### [Given data]
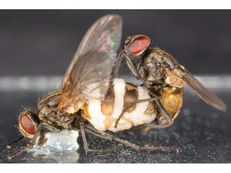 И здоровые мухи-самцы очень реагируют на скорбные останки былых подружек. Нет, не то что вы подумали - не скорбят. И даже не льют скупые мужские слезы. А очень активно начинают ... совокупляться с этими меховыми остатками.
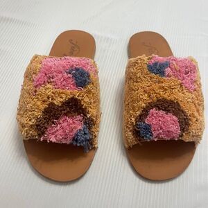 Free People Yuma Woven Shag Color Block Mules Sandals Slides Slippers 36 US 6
--
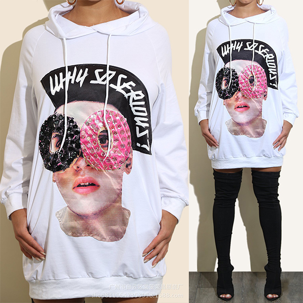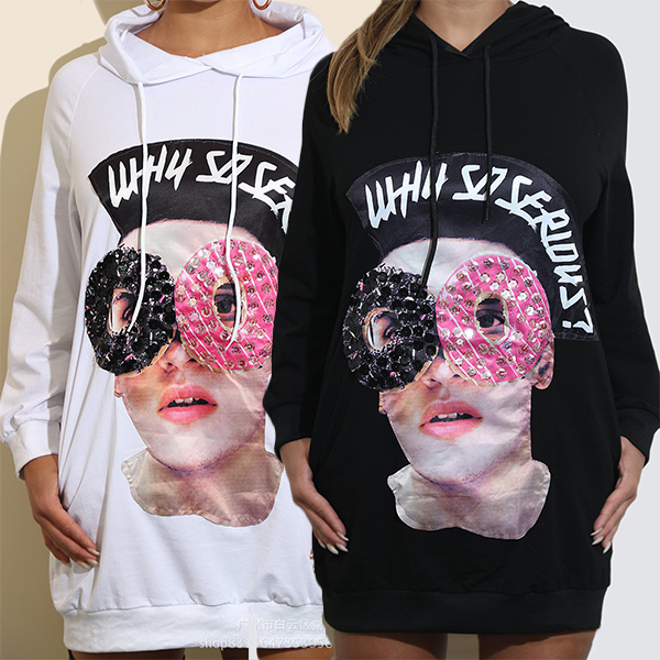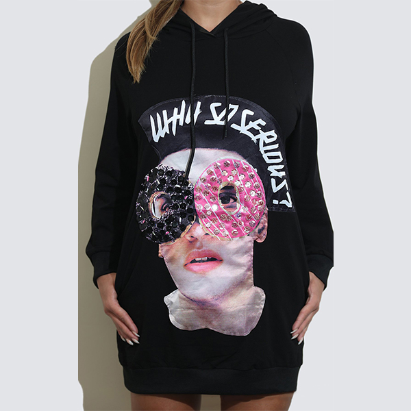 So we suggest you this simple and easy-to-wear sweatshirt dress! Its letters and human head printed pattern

### [Task instructions]
Above, find the line with "И здоровые мухи-самцы"; copy it and every line down to the line with "Free People Yuma", exactly and both included, but no pictures.

### [Result for this exercise]
 И здоровые мухи-самцы очень реагируют на скорбные останки былых подружек. Нет, не то что вы подумали - не скорбят. И даже не льют скупые мужские слезы. А очень активно начинают ... совокупляться с этими меховыми остатками.
 Free People Yuma Woven Shag Color Block Mules Sandals Slides Slippers 36 US 6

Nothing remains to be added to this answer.